他放棄對她溫柔,一手拉住她的腳,用力的推拿幾下。
「救命呀!」
在她放聲大叫後,他乾脆不按了,因為她的連環踢迫使他不得不撤退。
在逃回房間時,他想起剛才脫口而出的那句話——不如你嫁我好了。
他的心突然怦怦跳著。
如果她真成了他的女人,那麼,爺爺那一關,不曉得過不過得了?
第七章
「因為他老是聽不懂我說價錢沒法再降了,所以……」
章小粟向經理報告與客戶洽談的結果,不過,從經理一臉不悅的表情看來,她今天想提早走,根本是不可能的事。
「對不起,客戶已經來了。」白安娜在門口小聲的提醒。
章小栗的心中充滿不安與無奈。
為了和那位老伯伯洽談他公司的廣告,她已經跟他魯了將近三個月。
老實說,他若不想刊登廣告也就算了,偏偏他非要登,又只肯跟她洽談,害得她這三個月以來,頭痛得不得了。

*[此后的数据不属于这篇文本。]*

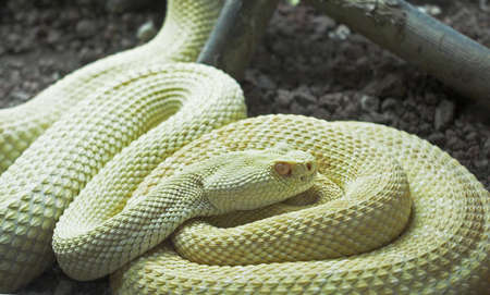 A snake at a terrarium in a zoo, orthriophis taeniurus albino animal

她又不是業務專員,只不過在張正豐的辦公室跟他見過一次面,誰知就種下被纏身不放的命運。
「經理,我可不可以……」
「不可以。」
章小粟還沒說完,經理就知道她想說什麼。
這案子不可能換人,麥老先生說過,他只跟她一個人接洽。
「可是,經理,他既不肯妥協公司所提出的價碼,又說一定要簽五年長約……」
「今天不管用什麼辦法,你都得把這個案子給談妥,否則老總問下來,我也沒辦法再包庇你了,用心點,老人家嘛,有那麼難搞嗎?」
那你為什麼不自己親自出馬?章小栗真想直接把話頂回。
要談妥這案子,簡直跟登天一樣困難。
雖然雜誌的收入有大部份來自廣告,但這又不是她的專業,幹麼要她一兼二職,而又還只領一份薪?
不過,她想反悔也來不及了,那位麥老伯已經進門了。
「呃,麥先生,請進。」
白安娜手上端了杯茶,領著客戶進門,趁經理和客戶說話時,小聲的在章小栗耳畔說:「下班唱KTV去得成嗎?」
「很難,我舅媽來了。」章小栗覺得自己工作、家庭都不如意。
「真的嗎?!」白安娜一聽她舅媽來了,瞪大了雙眼。
「不蓋你,所以你自己去唱吧,我逃得過這一關,我舅媽那一關肯定過不了,而且她跟辛戰在一起,我實在很不放心。」
沒錯,她一定走不開腳,看見麥老伯那精明銳利的眼光直盯著她,她知道待會肯定很難挨。
「幹麼,不歡迎我來嗎?」
奇怪,麥伯伯他表現出來的態度明明不怎麼喜歡她,可為什麼還指定要她跟他洽談呢?
「當然不是,嗯,上次提的價錢……」
「你就不能陪我先聊聊嗎?」
聊聊?她這裡又不是聊天室,有什麼好聊的?
「呃,您想聊什麼呢?」
「你今年幾歲呀!」
我的天呀!這是她的私事,一定要拿出來討論嗎?
章小栗真的不知道該怎麼反應,只好他問一句,她回答一句。
「二十五。」
「有沒有男朋友呢?」
「沒有。」她一說完,腦子裡立刻浮現辛戰那傢伙的臉。
不,他怎麼能算得上是她的男朋友,了不起是她養在家裡的男人。
但,她為什麼會想到他呢?
「我也有一個女兒,如果她當年沒有得到肺炎……」麥老伯的臉色整個變沉重。
「她死了嗎?」章小粟也跟著嚴肅了起來。
她一問完,麥老伯便傷心得哭了起來。
一時間,她又是遞紙巾又是垃圾桶的,完全不曉得該從何安慰起這位傷心的老先生。
就在她不知所措時,會客室外發生了個小插曲。
白安娜正準備下班離開,卻被經理給叫住,並又交代了一大堆文件要她加班弄完,害得她遲了半個多小時才能離開。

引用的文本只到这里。